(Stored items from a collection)
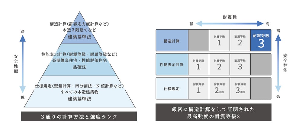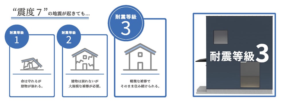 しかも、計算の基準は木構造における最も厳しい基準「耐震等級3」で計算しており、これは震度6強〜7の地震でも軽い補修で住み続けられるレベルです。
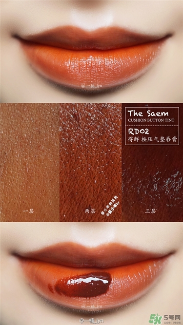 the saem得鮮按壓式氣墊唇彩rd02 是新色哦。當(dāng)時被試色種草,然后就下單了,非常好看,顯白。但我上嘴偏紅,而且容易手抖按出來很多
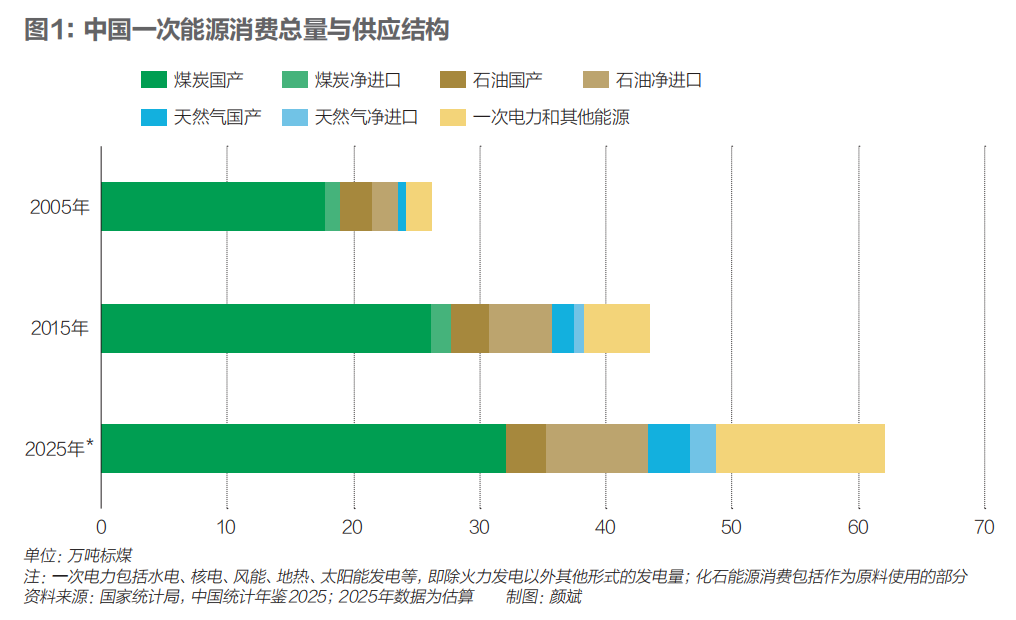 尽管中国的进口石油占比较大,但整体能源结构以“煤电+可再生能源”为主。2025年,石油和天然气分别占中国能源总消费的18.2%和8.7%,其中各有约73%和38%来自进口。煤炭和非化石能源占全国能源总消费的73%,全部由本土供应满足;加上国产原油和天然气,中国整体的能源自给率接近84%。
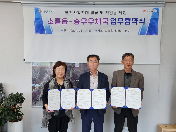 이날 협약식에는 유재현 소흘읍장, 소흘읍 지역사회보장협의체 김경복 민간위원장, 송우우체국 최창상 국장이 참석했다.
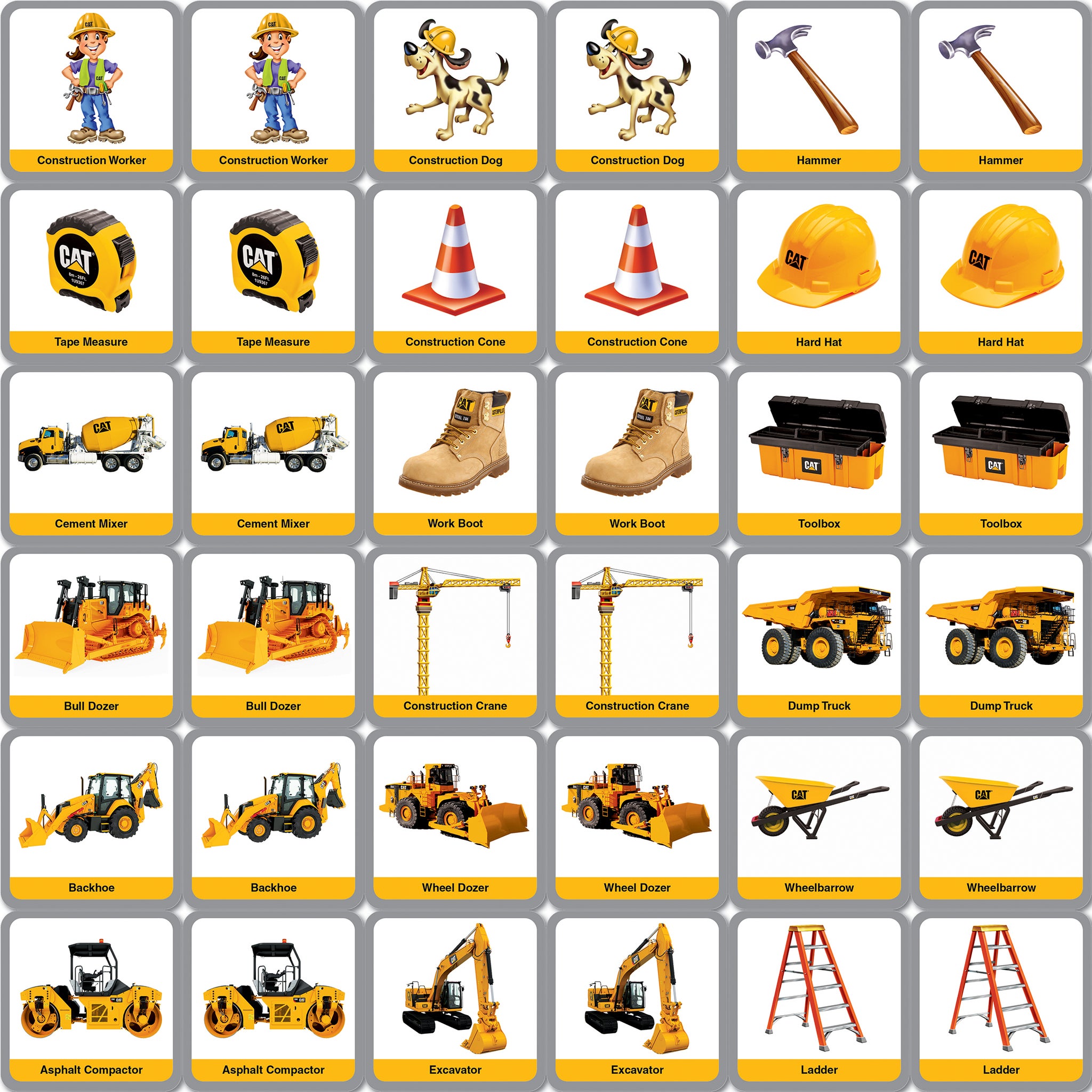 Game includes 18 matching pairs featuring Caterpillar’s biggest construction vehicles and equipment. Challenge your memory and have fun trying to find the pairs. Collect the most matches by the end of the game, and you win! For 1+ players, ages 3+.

• **Brief**
Exactly as they stand, the entries must be written out again, pictures excluded.

• **Answer section**
 しかも、計算の基準は木構造における最も厳しい基準「耐震等級3」で計算しており、これは震度6強〜7の地震でも軽い補修で住み続けられるレベルです。
 the saem得鮮按壓式氣墊唇彩rd02 是新色哦。當(dāng)時被試色種草,然后就下單了,非常好看,顯白。但我上嘴偏紅,而且容易手抖按出來很多
 尽管中国的进口石油占比较大,但整体能源结构以“煤电+可再生能源”为主。2025年,石油和天然气分别占中国能源总消费的18.2%和8.7%,其中各有约73%和38%来自进口。煤炭和非化石能源占全国能源总消费的73%,全部由本土供应满足;加上国产原油和天然气,中国整体的能源自给率接近84%。
 이날 협약식에는 유재현 소흘읍장, 소흘읍 지역사회보장협의체 김경복 민간위원장, 송우우체국 최창상 국장이 참석했다.
 Game includes 18 matching pairs featuring Caterpillar’s biggest construction vehicles and equipment. Challenge your memory and have fun trying to find the pairs. Collect the most matches by the end of the game, and you win! For 1+ players, ages 3+.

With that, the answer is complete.